Last data update: 2014.03.03

R: Class to contain Amplicon Variant Analyzer Output
AVASet-classR Documentation

Class to contain Amplicon Variant Analyzer Output

Description

Container to store data imported from a project of Roche's Amplicon Variant Analyzer Software. It stores all information into an extended version of the Biobase ExpressionSet.

Objects from the Class

Objects can be created by calls of the form AVASet(dirname, avaBin). dirname is a character giving the proejct directory and avaBin is a character giving the path to the AVA software installation (i.e. the directory containing the doAmplicon binary). The constructor will start the AVA software command line and import all necessary data.

If the AVA software is not installed on the same machine that runs R, all data must be exported manually using the AVA Command Line Interface (AVA-CLI). After having exported all text files, the constructor AVASet(dirname, avaBin, file_sample, file_amp, file_reference, file_variant, file_variantHits) can be used to import them. See the example below.
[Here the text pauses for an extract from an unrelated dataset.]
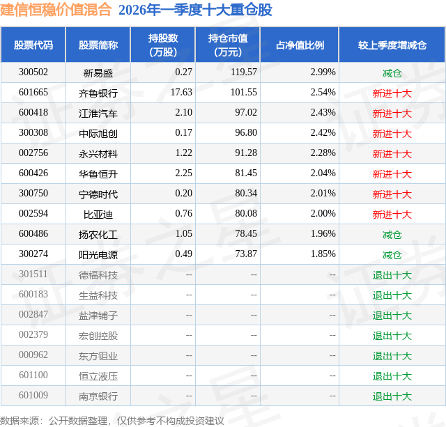 从基金规模来看,建信恒稳价值混合基金2026年一季度公布的基金规模为0.4亿元,较上一期规模3815.23万元变化了181.92万元,环比变化了4.77%。该基金最新一期资产配置为:股票占净值比42.36%,无债券类资产,现金占净值比54.65%。从基金持仓来看,该基金当季前十大股票仓位达22.52%,第一大重仓股为新易盛(300502),持仓占比为2.99%。

Finally, old project folders generated by AVA software < 2.6 can be imported using AVASet(dirname). Where dirname is the path to the project folder (i.e. a directory that contains the files and subdirectories "Amplicons/ProjectDef/ampliconsProject.txt", "Amplicons/Results/Variants/currentVariantDefs.txt", "Amplicons/Results/Variants", "Amplicons/Results/Align").

Slots

assayData:

Object of class AssayData. Contains the number of reads and the total read depth for every variant and each sample in forward and reverse direction. Its column number equals nrow(phenoData).

featureData:

Object of class AnnotatedDataFrame. Contains information about the type, position and reference of each variant.

phenoData:

Object of class AnnotatedDataFrame. Contains the sample-IDs and name, annotation and group of the read data for all samples. If available, the lane, pico titer plate(s) (PTP) or MID(s) of each sample are shown as well.

assayDataAmp:

Object of class AssayData. Contains the number of reads for every amplicon and each sample in forward/reverse direction. Its column number equals nrow(featureDataAmp).

featureDataAmp:

Object of class AnnotatedDataFrame. Contains the primer sequences, reference sequences and the coordinates of the target regions for every amplicon.

referenceSequences:

Object of class AlignedRead. If additional alignment information were computed via alignShortReads, this slot knows about the chromosome, position and the strand of each reference sequence.

variantFilterPerc:

Object of class numeric. Contains a threshold to display only those variants, whose coverage (in percent) in forward and reverse direction in at least one sample is higher than this filter value. See setVariantFilter for details about setting this value.

variantFilter:

Object of class character. Contains a vector of variant names whose coverage (in percent) in forward and reverse direction in at least one sample is higher than the filter value in variantFilterPerc.

dirs:

Object of class character. Based on a directory given at instantiation of the object, it contains a vector of several directories containing all relevant AVA-project files.

experimentData:

Object of class MIAME. Contains details of the experiment.

annotation:

Object of class character. Label associated with the annotation package used in the experiment.

protocolData:

Object of class annotatedDataFrame. Contains additional information about the samples.

.__classVersion__:

Object of class Versions. Remembers the R and R453Toolbox version numbers used to created the AVASet instance.

Extends

Class eSet, directly. Class VersionedBiobase, by class "eSet", distance 2. Class Versioned, by class "eSet", distance 3.

Methods

object[i,j]:

Allows subsetting an AVASet object by features (i) and samples (j).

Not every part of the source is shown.